Wild-eyed, axe-wielding giants bursting through the gates of Rivenloch, roaring and foaming at the mouth, hacking at everything in their path, smashing pottery, splitting furniture, slicing flesh…

The hounds’ yelps, cut off abruptly as their throats were slit…

The steward falling as his legs were cut out from under him…

A shrieking serving woman losing her arm…

One fleeing child axed in the back while another was trampled beneath heavy boots…

A young lass, frozen with fear, snatched up and carried off, never to be seen again…

It was happening again. The Northmen had returned. Avril staggered onto one knee.

Then she looked up at Kimbery, still yards away, and bit out a curse.

She wouldn’t let the bastards have her daughter.

She was no longer the innocent lass she’d been five years ago who’d become a victim of rape.

She was prepared for them this time. Clenching her jaw in determination, she scrambled to her feet again and hurtled forward across the sand.

At last she reached Kimbery, sweeping her into her arms and clutching her so tightly that the wee lass squealed in complaint.

“Shh!” She spun, searching the boulders and clumps of sea grass lining the shore. The longship must have crashed in the storm. But what had become of its crew? Where were the dead man’s shipmates?

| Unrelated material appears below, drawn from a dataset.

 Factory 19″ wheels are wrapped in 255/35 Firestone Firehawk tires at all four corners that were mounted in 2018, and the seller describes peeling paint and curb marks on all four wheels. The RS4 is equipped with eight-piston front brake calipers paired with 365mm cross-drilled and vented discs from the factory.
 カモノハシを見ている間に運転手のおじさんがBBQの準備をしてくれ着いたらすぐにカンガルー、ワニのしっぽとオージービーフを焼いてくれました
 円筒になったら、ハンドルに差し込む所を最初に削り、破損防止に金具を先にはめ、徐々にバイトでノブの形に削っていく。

Everything seemed normal, undisturbed. Waves lapped at the beach, leaving arcs of foam. Gulls screed and soared overhead. Crabs skittered over the rocks. No strange footprints marred the virgin stretch of sand.

“Mama,” Kimbery whimpered impatiently. “Put me down.”

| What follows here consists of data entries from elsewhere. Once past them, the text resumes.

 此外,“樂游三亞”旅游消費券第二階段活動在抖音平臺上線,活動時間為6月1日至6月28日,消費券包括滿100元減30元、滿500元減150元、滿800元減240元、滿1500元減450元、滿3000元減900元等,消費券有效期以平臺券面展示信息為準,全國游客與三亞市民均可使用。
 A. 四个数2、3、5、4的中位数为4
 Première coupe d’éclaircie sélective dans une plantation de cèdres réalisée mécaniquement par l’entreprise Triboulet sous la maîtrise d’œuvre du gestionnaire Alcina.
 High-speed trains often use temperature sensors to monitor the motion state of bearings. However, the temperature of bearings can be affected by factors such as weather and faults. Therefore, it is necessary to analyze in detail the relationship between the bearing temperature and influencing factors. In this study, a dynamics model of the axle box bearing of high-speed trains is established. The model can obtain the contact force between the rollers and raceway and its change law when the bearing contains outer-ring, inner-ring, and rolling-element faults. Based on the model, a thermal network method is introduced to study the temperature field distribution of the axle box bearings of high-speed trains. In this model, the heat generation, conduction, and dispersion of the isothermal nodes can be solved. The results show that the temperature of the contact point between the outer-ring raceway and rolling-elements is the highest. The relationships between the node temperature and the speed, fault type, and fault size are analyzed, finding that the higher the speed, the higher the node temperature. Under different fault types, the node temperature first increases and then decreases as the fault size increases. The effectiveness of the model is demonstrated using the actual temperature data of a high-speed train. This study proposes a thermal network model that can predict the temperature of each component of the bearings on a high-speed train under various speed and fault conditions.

“Hush.” Avril scoured the beach once more.

The Vikings had come again. There was no mistaking the origin of the carved dragon’s head.

But they weren’t here now. Either they’d bypassed her cottage and moved inland already, or their dead bodies would be washing ashore soon.

But for now at least, it appeared she and Kimbery were safe.

“Maaaamaaa,” Kimbery whined.

She let Kimbery slip to the ground. The lass immediately skipped over to the dead man.

“Don’t touch him,” Avril repeated.

Kimbery crouched a few feet away from him, resting her elbows on her knees and her chin in her hands, peering curiously into his face. “Is it my da?”

“Nay!” Avril replied, a little too vehemently, though she could see why the lass would think that.

The man’s face was hidden behind strands of long blond hair that was the same pale color as Kimbery’s.

He was covered in a cloak of seal fur, and his sealskin boots looked much like theirs.

But there the resemblance ended. He was a giant, a head taller than any man she knew.

His shoulders were broad and his feet huge.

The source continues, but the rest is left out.